Data drift detection with Frouros

Requirements

🔒 You need a platform account with full access level.

The platform allows to detect data drift in your data at inference time. This is a useful warning that the inference results might not be reliable anymore and that some action should be taken (eg. cleaning the sensor, retraining the model, etc).

In this tutorial, we are going to demonstrate how to implement drift detection in an image object detection pipeline. Specifically, we are going to use the OBSEA Fish Detection module, where the drift detector will signal that the underwater camera is dirty and needs cleaning.

You can find the full code of this tutorial, as well as reference notebooks.

In this tutorial, we use Frouros as the main drift detection library, but the tutorial still applies to other popular drift detection libraries like Alibi-detect, Evidently, Eurybia, etc.

What is drift detection?

In drift detection, we monitor a model at inference time to detect when the input data starts to deviate from the training data distribution: we call this data drift. There could be many reasons causing data drift:

  • the sensor taking the images is dirty, so we need to clean it,

  • the distribution of data has really changed, so the model needs to be retrained,

In any case, the predictions are no longer reliable and an action has to be taken by the user.

To detect drift, we take the inference data vector and compare it with a reference training dataset. We compute a distance that summarizes what is the likelihood that the inference vector could come from the training data. If the distance is above a threshold, we can confidently assert that the data has indeed drifted.
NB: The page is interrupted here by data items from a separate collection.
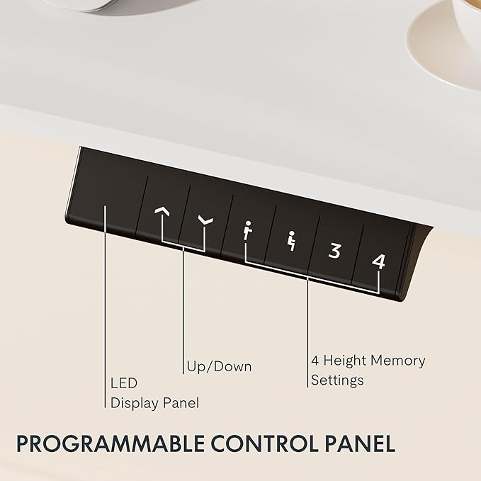 • 4 MEMORY PRESETS: Easily store and recall different height settings with our multifunctional memory system. Effortlessly switch between sitting and standing to reduce the risk of health issues like back and neck pain caused by prolonged sitting.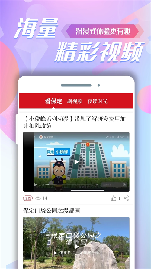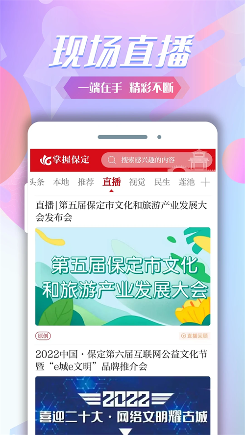 “掌上保定”,让“掌上保定”。通过手机APP端实现从新闻报道到电视节目回放的所有环节,真正做到“随时随地的视音频视频化”新方式,让你第一时间了解到新闻现场、***部门、社会机构、媒体机构等各类信息。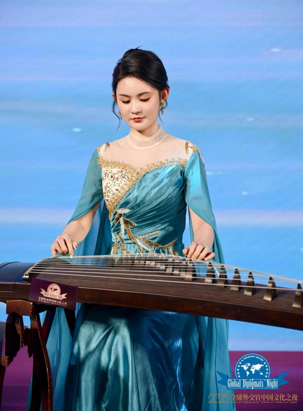 舞台上,张明慧身着定制礼服用古筝演奏《青花瓷》,为来自全球170多个国家的驻华外交官及国际友人献上一曲融合东方美学与现代创新的视听盛宴,熟悉的旋律响彻全场,筝声清澈如瓷,旋律婉转似笔,勾勒出烟雨江南的朦胧意境,更传递出中华文化“中和雅正”的美学精神。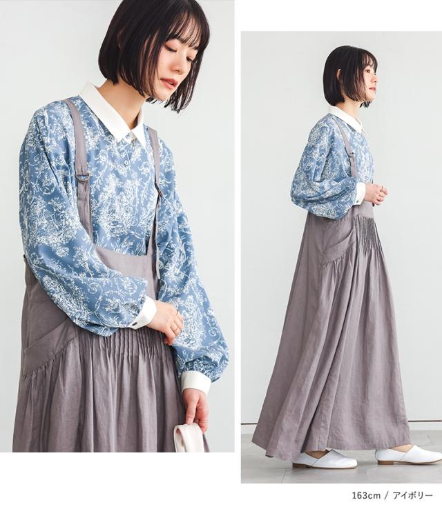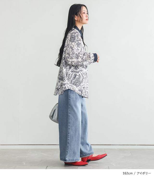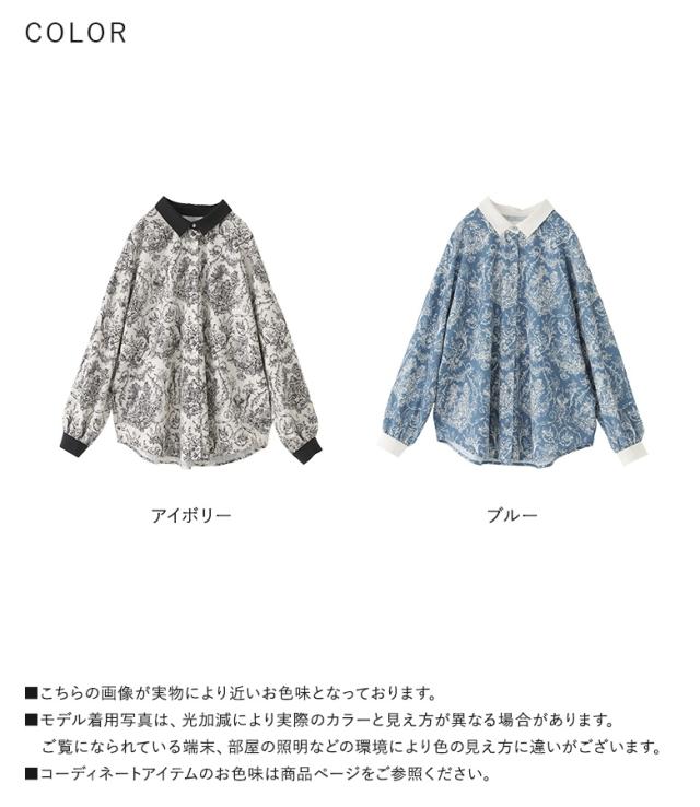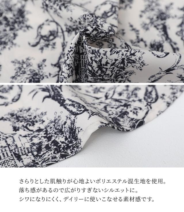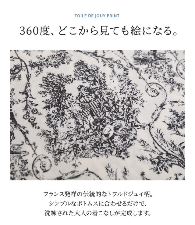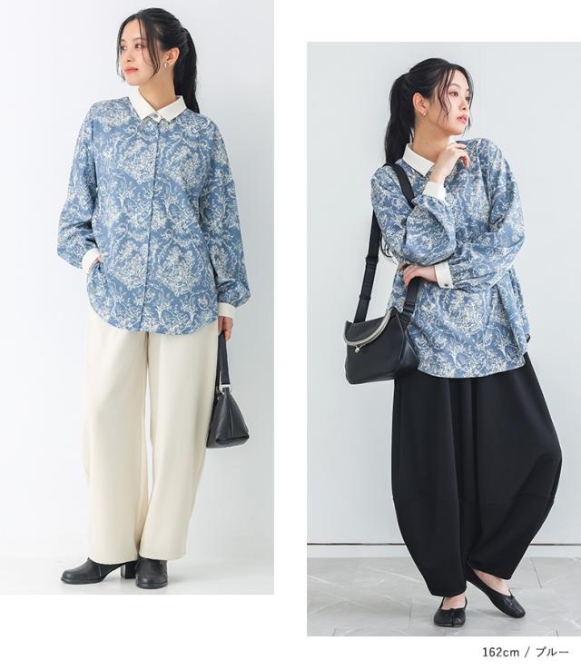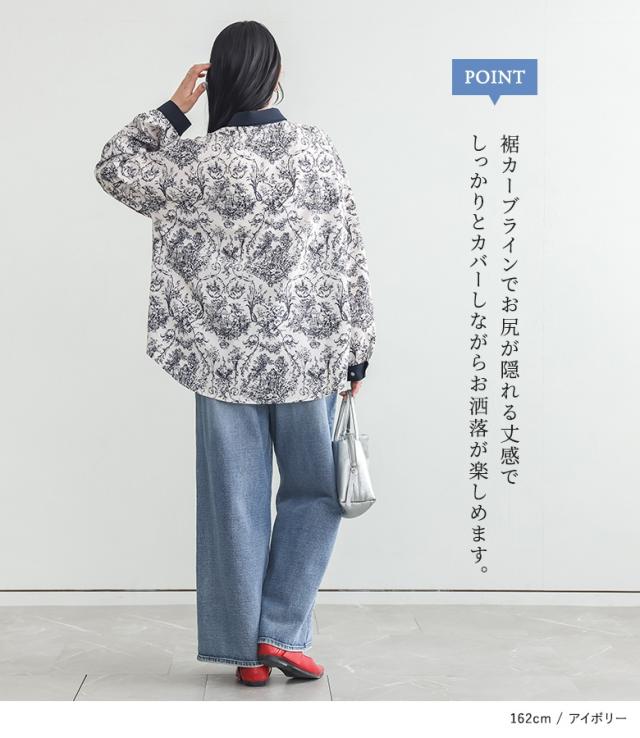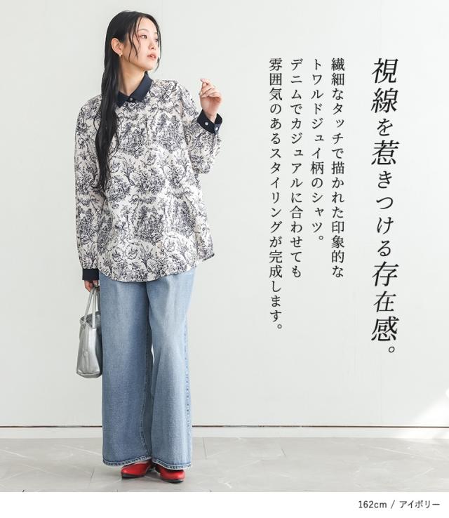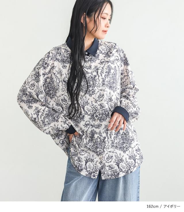 <冬新作>『トワルドジュイ柄シャツ』※メール便可※【10】[シャツ 長袖 レディース トップス ブラウス トワルドジュイ柄 総柄 無地 ギャザー 落ち感 お尻が隠れる レイヤード 重ね着 春 秋]

In the case of images, the pure pixels values are not a good summarizer of the image statistics. So we typically train an autoencoder model that is able to summarize the pixel values into a smaller vector that more accurately describes the image. We then use this vector to compute the distance, as before.

Find more information on the fundamentals of drift detection.

Create your drift detector

1. Define your reference data

The first step is to define a “normal” reference dataset (ie. clean camera). The clean images will be used as reference to train the detector and determine the statistical properties of the data under normal conditions. You can also define anomalous images (ie. dirty camera) for testing the detector.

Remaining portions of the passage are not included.